The Stuxnet attack on Iran in the late 2000s, probably done by the United States and Israel, demonstrated that cyber attacks could achieve strategic objectives, in this case destroying centrifuges in Iran’s nuclear program. Cyber presents a special challenge to deterrence, given that attributing the attack is usually no mean feat—Iran has not specifically pointed the figure at any country—and that even with attribution, retaliation is complicated: retribution in kind might be impossible or unwise, given possible escalation, and other forms of retaliation, especially nuclear, are incommensurate and escalatory to boot.
On those grounds, cyber probably should be regarded as a realm apart, despite its importance. Most of the easy analogies to nuclear weapons and deterrence are misleading. And cyber attacks are hardly binary in the way that any use of nuclear weapons would be: the attacks cover the range from cyber espionage, to attacks, like Stuxnet, that seek to inflict physical damage, to attacks intended to manipulate information, ideally with the victim remaining for some time ignorant of the attack. In numbers, the vast majority of cyber attacks are simple crime.
Biological analogies are probably more helpful than nuclear ones: every attack demonstrates to the victim where it is vulnerable, and it patches those vulnerabilities.
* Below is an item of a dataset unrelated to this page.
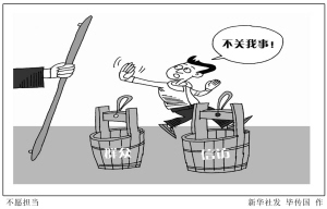 不愿担当 “八项规定”实施以来,党风政风出现了可喜变化,但一个值得注意的情况是,一些地方一些干部不违规、不吃请、不收礼了,但也躲事绕行,不敢担当、不愿担当、不善担当问题逐渐冒头。以群众为师,为担当补课,勇于作为,在当下群众路线教育实践活动中显得尤为重要。 新华社发 毕传国 作

Thus far it is hard to imagine an attack that does so much damage that kinetic, much less nuclear, retaliations would be a plausible threat. And, in any case, unlike the imagery of the Cold War—with rocket flight times in minutes—there would be time to deliberate.
When China hacked the U.S. Office of Personnel Management (OPM) in 2015, I was chairing the National Intelligence Council. We fairly quickly identified China as the source of the hack but being more precise was hard. When our policy counterparts pressed us for more detail, we were in the uncomfortable position of responding, more or less, “China is a big country.” I was then in the intelligence business, not making policy, but as a citizen I didn’t much mind the delay. It was a lesson that most of the time attribution would take time. And it also provided time for reflection about possible responses and their second-order effects.
[1] This expands a presentation I made at a Livermore-Los Alamos conference in Washington, The New Dynamics of Strategic Conflict and Competition, March 14, 2019.